* **WHAT YOU HAVE TO DO**
Copy, exactly as written, the lines that begin at the one containing "目前国外凝血因子的现状基本上" and end at the one containing "在OPEC按兵不动的情况下交". Skip any pictures in the data below.

* **EXCERPTED DATA**
━━━━━━━━━━

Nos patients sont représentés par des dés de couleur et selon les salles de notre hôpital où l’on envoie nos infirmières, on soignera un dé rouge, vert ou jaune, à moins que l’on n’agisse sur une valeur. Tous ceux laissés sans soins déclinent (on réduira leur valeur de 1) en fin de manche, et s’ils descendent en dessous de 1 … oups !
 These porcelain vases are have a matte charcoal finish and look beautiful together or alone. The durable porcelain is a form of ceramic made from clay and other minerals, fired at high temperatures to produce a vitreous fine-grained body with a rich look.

━━━━━━━━━━

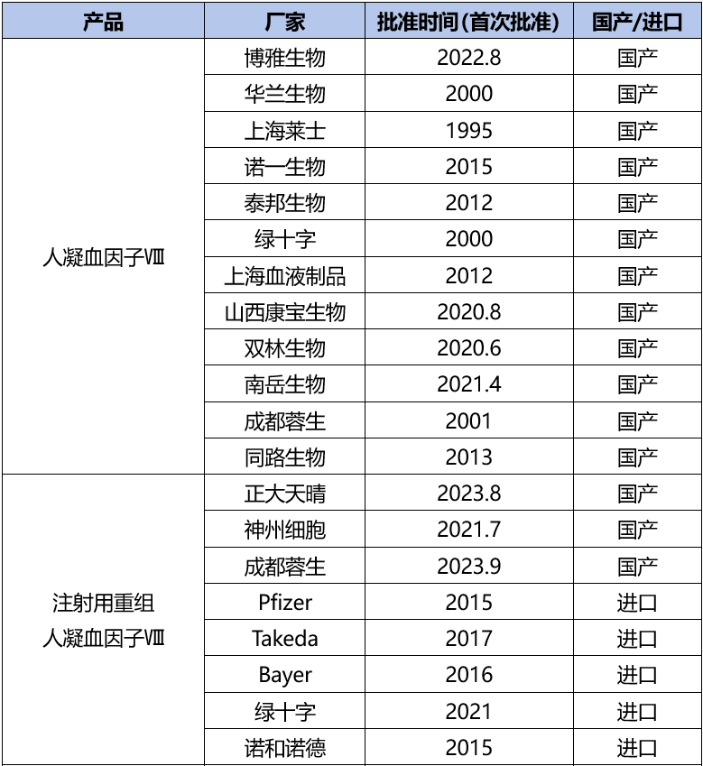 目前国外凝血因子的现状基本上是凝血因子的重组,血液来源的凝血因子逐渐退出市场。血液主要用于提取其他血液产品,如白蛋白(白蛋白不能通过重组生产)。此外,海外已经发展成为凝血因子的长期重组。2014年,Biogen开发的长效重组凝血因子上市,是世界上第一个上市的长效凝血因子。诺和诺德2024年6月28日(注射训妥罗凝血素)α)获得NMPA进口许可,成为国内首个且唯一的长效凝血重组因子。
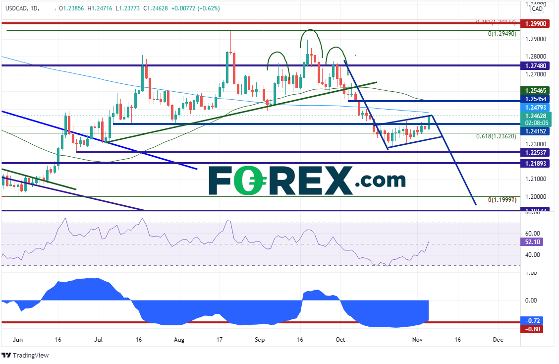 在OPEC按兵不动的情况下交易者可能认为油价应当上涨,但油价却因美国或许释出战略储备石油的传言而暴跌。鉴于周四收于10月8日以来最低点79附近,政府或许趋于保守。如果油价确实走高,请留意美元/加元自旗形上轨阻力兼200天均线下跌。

━━━━━━━━━━

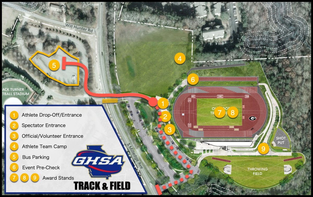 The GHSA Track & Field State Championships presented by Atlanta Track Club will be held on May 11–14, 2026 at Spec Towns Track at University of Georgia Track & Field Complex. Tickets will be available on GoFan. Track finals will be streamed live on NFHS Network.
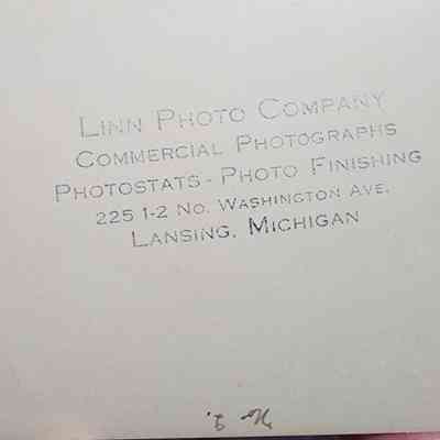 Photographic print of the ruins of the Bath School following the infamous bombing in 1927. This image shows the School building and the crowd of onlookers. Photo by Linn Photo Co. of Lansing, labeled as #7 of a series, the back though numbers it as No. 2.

━━━━━━━━━━

* **COMPLETED TASK**
 目前国外凝血因子的现状基本上是凝血因子的重组,血液来源的凝血因子逐渐退出市场。血液主要用于提取其他血液产品,如白蛋白(白蛋白不能通过重组生产)。此外,海外已经发展成为凝血因子的长期重组。2014年,Biogen开发的长效重组凝血因子上市,是世界上第一个上市的长效凝血因子。诺和诺德2024年6月28日(注射训妥罗凝血素)α)获得NMPA进口许可,成为国内首个且唯一的长效凝血重组因子。
 在OPEC按兵不动的情况下交易者可能认为油价应当上涨,但油价却因美国或许释出战略储备石油的传言而暴跌。鉴于周四收于10月8日以来最低点79附近,政府或许趋于保守。如果油价确实走高,请留意美元/加元自旗形上轨阻力兼200天均线下跌。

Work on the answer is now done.